What did we learn from predicting song popularity?
A recent data science competition focused on whether one could predict the success of a Taylor Swift song from less than half a second of audio. One sample sounded like:
The objective was to predict whether that clip (and some 20k others) came from a popular song, or not. As mentioned in a previous post this is a case where there aren't descriptive elements that "make sense" - no genre, gender, demographics, contact history, or anything that marketers typically rely on to help them understand what is going on. Just 3,300 numbers - for the audio among you, down-sampled to 11k.
The winning models got to above 99% accuracy which sounds a bit to good to be true. While technically correct there are some interesting lessons to be learned.
First, by rethinking the problem as a segmentation problem rather than individual estimates the results got a lot better.
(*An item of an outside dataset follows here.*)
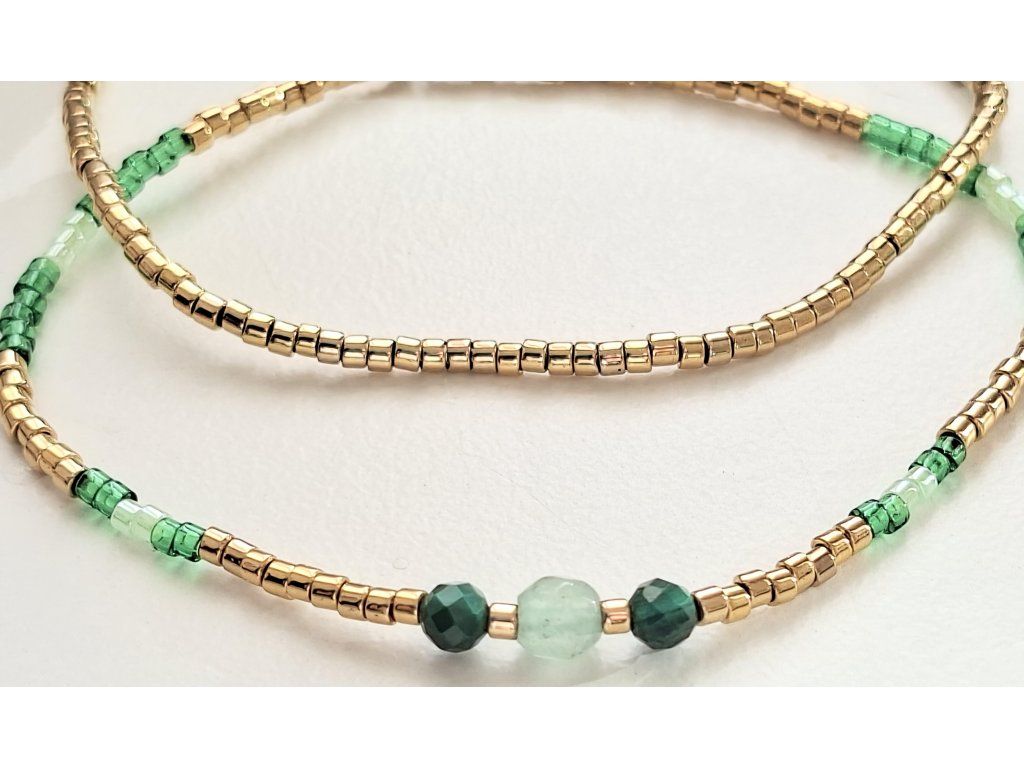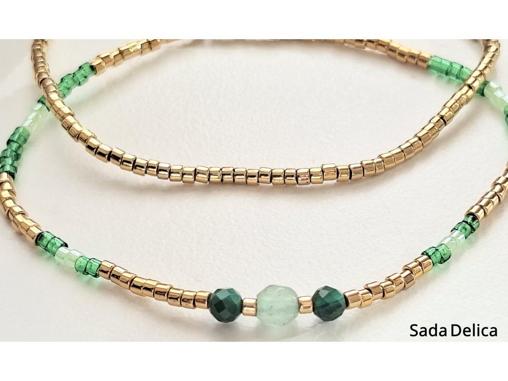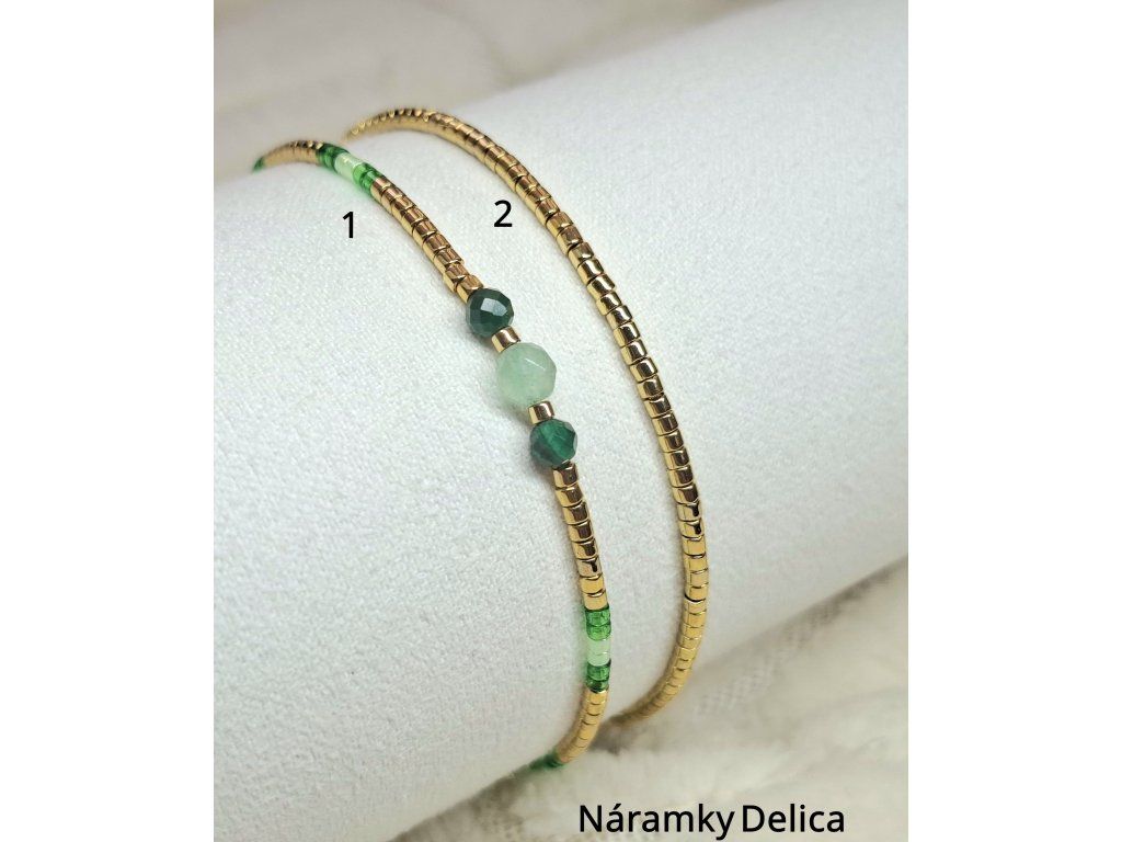 Objavte krásu jemnej elegancie s našou sadou náramkov z  Miyuki Delica korálkov v jemnej elegantnej kombinácií zelenej so zlatým akcentom .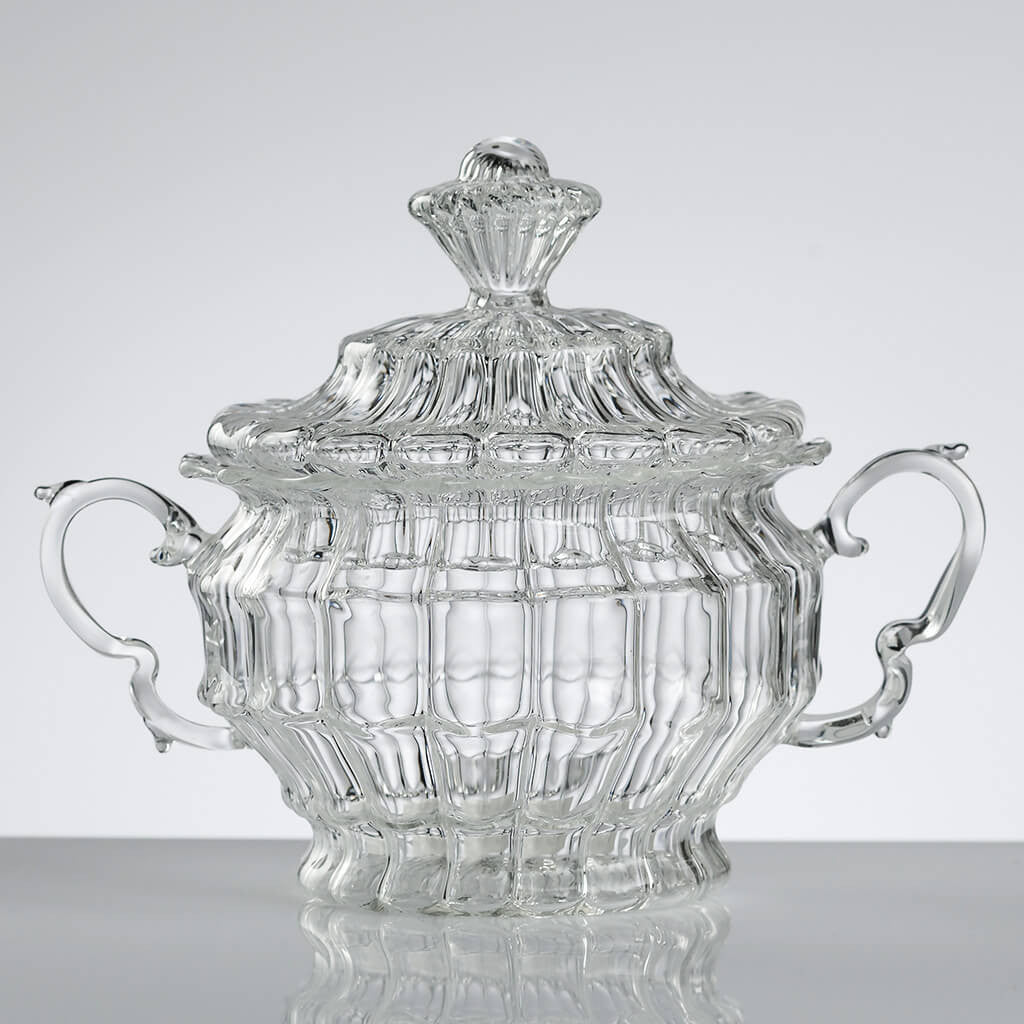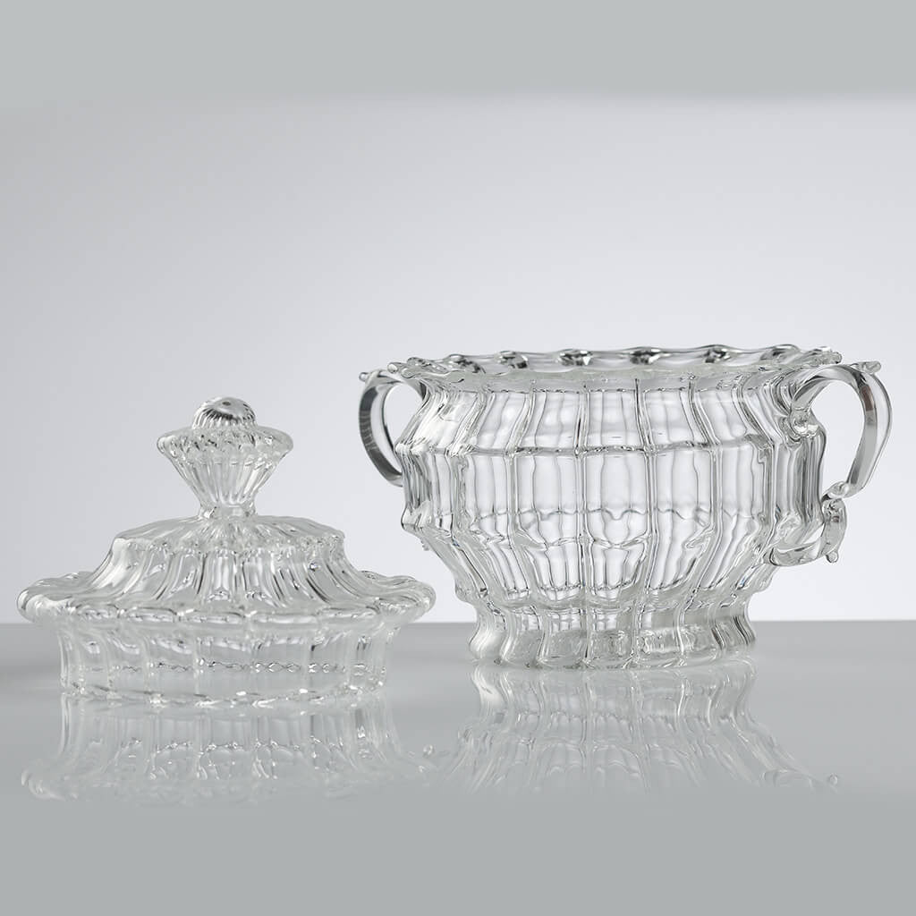 The William Sugar Bowl continues the language of the collection—refined Georgian proportion expressed through pure borosilicate glass. Each piece is hand-blown and shaped by flame in our Bucharest atelier, then delicately lined to capture light in soft vertical rhythms. The result is a sculptural form of calm precision and quiet opulence.

That is, by grouping clips based on their similarity the accuracy improved - this is no different than targeting audiences as opposed to specific individuals.
Second, simple models tended to work as well as complex. In this case, accuracy mattered so effort was put on improving that as much as possible. But there are times when good enough is, well, good enough. It turns out that a simple model of "how similar is this clip to its nearest neighbor" worked very well. With this challenge, that makes sense, pop songs are similar across their 3-4 minutes. After the competition I tried some really, really simple (and possibly stupid ideas) and did better than my official submission. Don't over think it.
Third, we needed to take a step back and align technique with problem. The same data and the same logic resulted in different results based simply on the approach taken. Always use two or more methods.
A big thanx to Devin Diderickson for posting his approach and thought process. (He finished second, I finished sixth).